EXERCISE DETAILS:
Below are entries. Give back exactly the lines from the one containing "这是一款时尚百搭的婴儿帽,中" through the one containing "Товар в оригинальной", inclusive, without the pictures.
━━━ SUPPLIED DATA
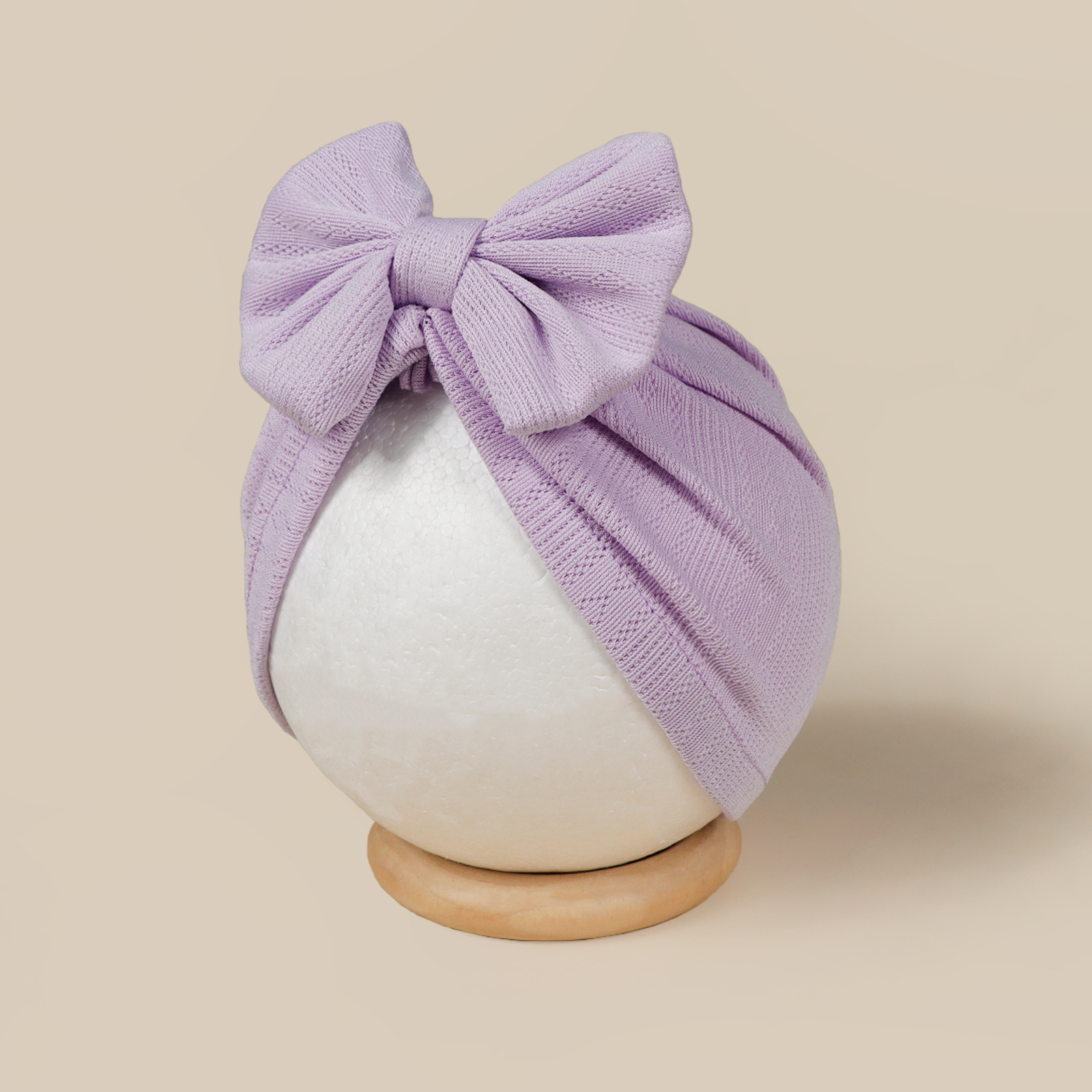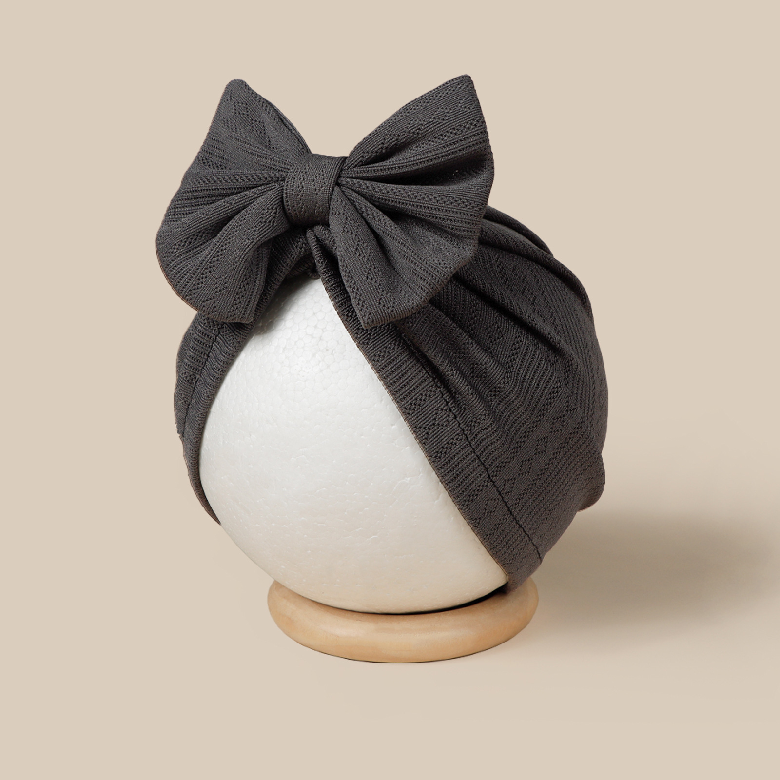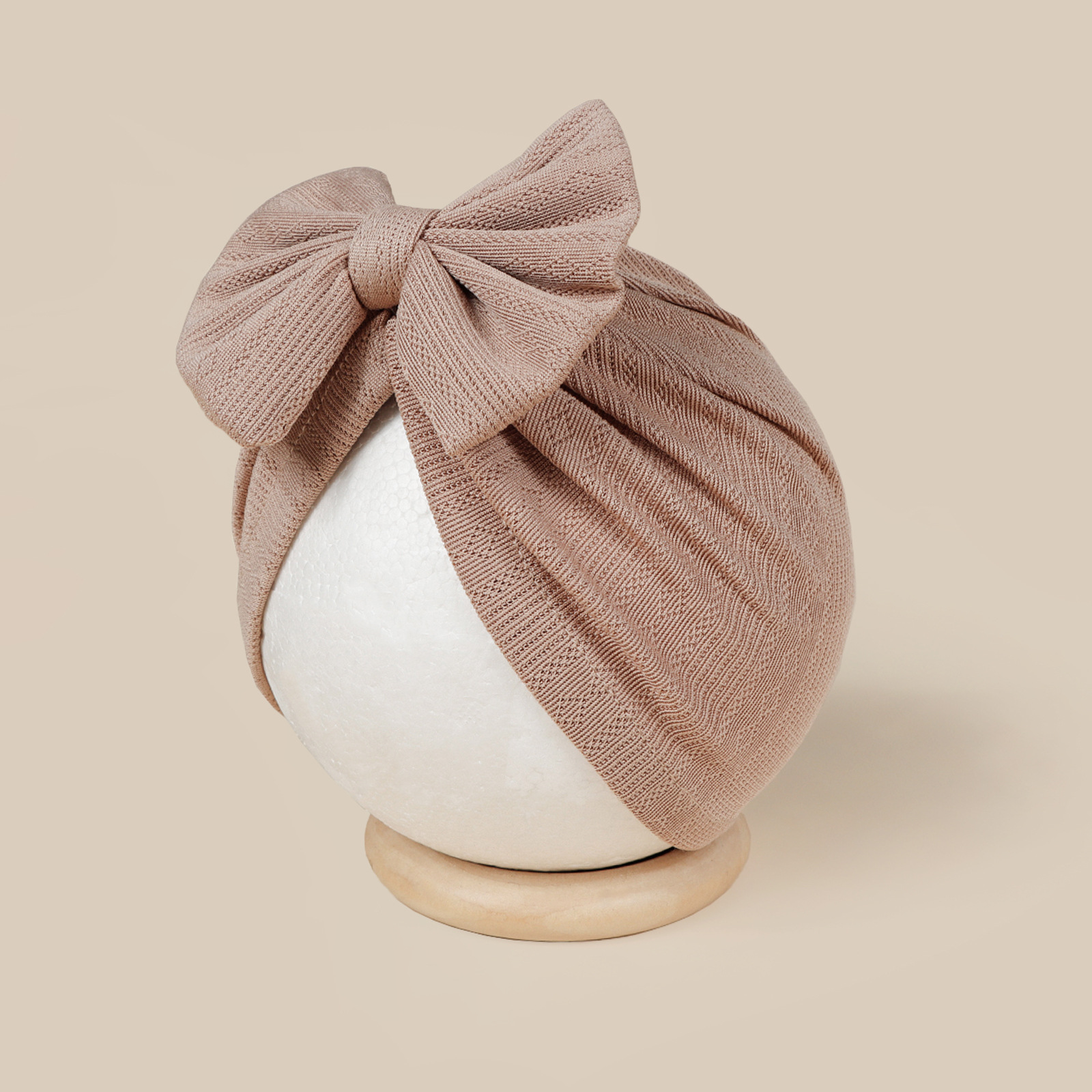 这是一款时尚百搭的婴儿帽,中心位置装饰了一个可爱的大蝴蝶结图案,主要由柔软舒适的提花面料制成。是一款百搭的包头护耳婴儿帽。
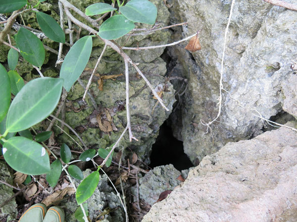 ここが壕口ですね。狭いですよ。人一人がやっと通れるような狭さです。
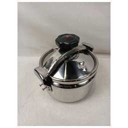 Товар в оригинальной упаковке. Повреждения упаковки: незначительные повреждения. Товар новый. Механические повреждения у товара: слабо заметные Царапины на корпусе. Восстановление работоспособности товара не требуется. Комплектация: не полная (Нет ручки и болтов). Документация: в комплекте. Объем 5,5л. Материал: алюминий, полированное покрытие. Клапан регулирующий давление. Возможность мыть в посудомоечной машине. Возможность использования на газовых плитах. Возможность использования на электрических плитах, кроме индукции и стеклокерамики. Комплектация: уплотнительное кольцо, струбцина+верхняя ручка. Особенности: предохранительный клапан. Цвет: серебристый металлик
━━━━━━
━━━ SUPPLIED DATA
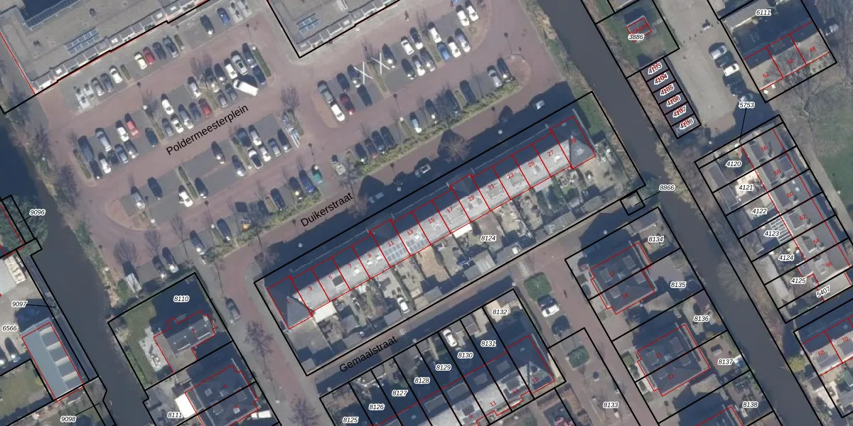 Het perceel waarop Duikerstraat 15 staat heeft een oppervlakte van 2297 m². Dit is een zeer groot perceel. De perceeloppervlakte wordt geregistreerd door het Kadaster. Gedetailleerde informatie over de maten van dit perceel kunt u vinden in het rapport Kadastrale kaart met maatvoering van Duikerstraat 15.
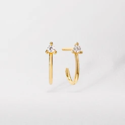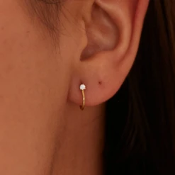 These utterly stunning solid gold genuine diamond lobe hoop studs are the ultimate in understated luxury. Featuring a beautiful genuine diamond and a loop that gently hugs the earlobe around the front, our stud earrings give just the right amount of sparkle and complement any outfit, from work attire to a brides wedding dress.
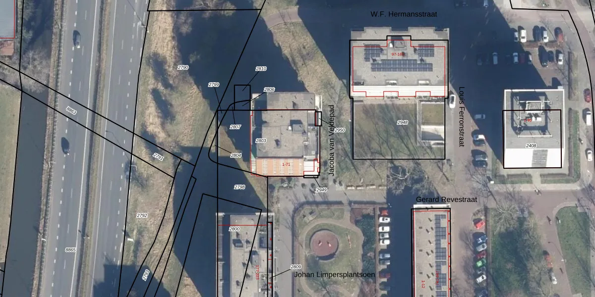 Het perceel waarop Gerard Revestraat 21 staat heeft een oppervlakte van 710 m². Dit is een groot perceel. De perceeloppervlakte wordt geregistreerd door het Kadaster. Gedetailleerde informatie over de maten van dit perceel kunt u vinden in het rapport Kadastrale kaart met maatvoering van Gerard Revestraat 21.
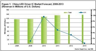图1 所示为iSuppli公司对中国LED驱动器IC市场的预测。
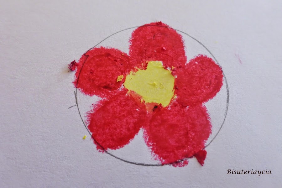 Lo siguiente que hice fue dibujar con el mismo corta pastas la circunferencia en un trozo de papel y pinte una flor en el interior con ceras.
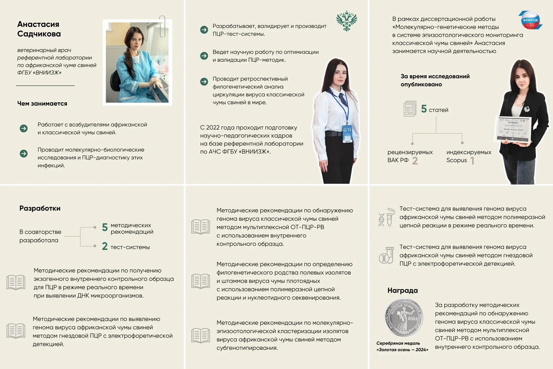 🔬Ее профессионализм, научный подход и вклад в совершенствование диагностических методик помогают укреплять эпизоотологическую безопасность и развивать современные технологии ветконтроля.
━━━━━━
RESPONSE TO THIS TASK:
 这是一款时尚百搭的婴儿帽,中心位置装饰了一个可爱的大蝴蝶结图案,主要由柔软舒适的提花面料制成。是一款百搭的包头护耳婴儿帽。
 ここが壕口ですね。狭いですよ。人一人がやっと通れるような狭さです。
 Товар в оригинальной упаковке. Повреждения упаковки: незначительные повреждения. Товар новый. Механические повреждения у товара: слабо заметные Царапины на корпусе. Восстановление работоспособности товара не требуется. Комплектация: не полная (Нет ручки и болтов). Документация: в комплекте. Объем 5,5л. Материал: алюминий, полированное покрытие. Клапан регулирующий давление. Возможность мыть в посудомоечной машине. Возможность использования на газовых плитах. Возможность использования на электрических плитах, кроме индукции и стеклокерамики. Комплектация: уплотнительное кольцо, струбцина+верхняя ручка. Особенности: предохранительный клапан. Цвет: серебристый металлик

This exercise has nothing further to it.